#### Problem requirements
Without the pictures, repeat the listing character for character.

#### Source data
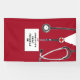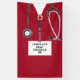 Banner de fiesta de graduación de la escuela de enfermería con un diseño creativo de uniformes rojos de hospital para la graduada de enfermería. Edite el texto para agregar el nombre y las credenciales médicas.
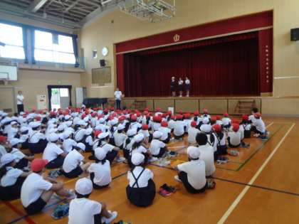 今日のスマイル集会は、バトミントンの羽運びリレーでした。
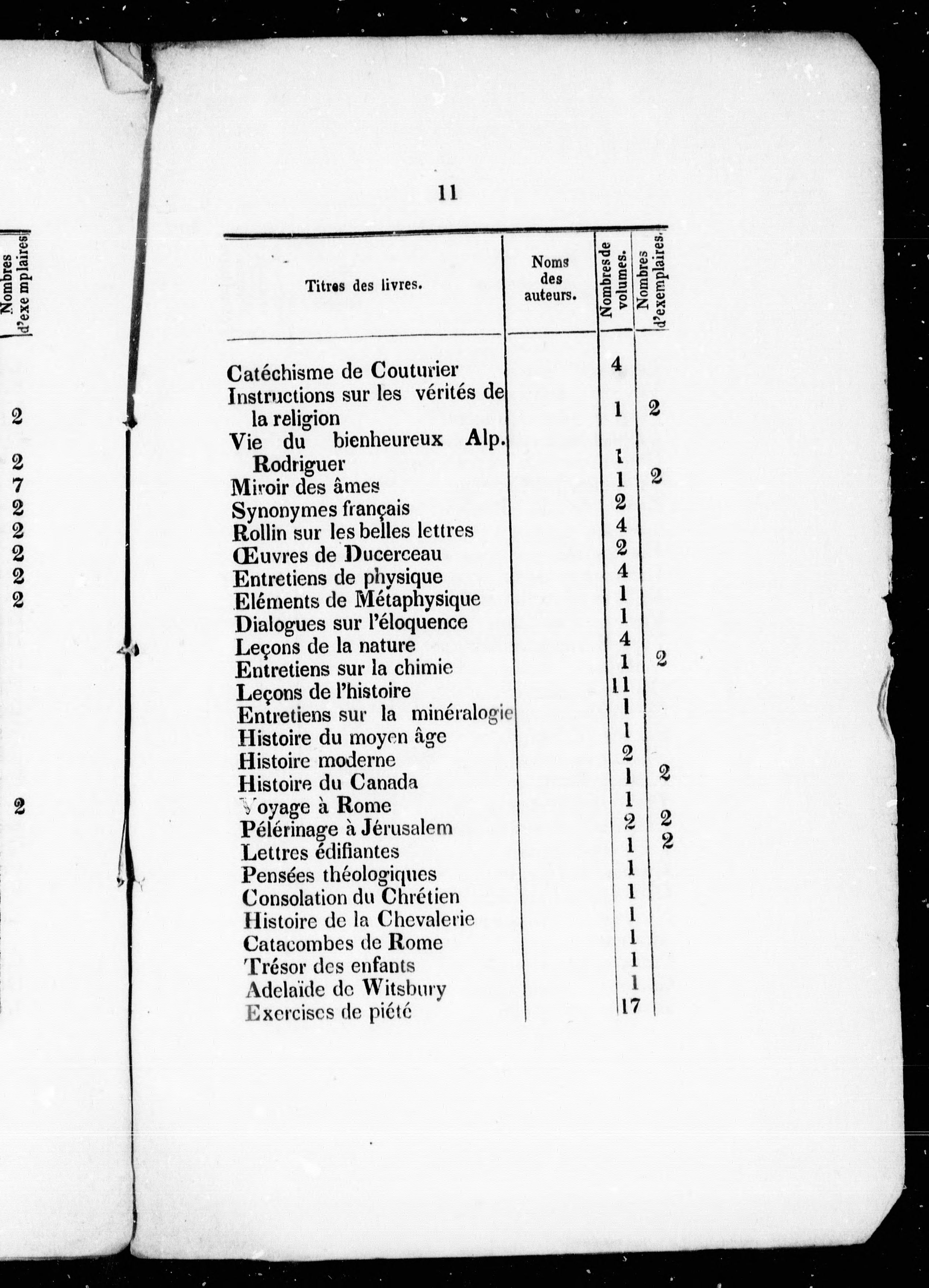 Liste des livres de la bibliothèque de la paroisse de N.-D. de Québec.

#### Response below
 Banner de fiesta de graduación de la escuela de enfermería con un diseño creativo de uniformes rojos de hospital para la graduada de enfermería. Edite el texto para agregar el nombre y las credenciales médicas.
 今日のスマイル集会は、バトミントンの羽運びリレーでした。
 Liste des livres de la bibliothèque de la paroisse de N.-D. de Québec.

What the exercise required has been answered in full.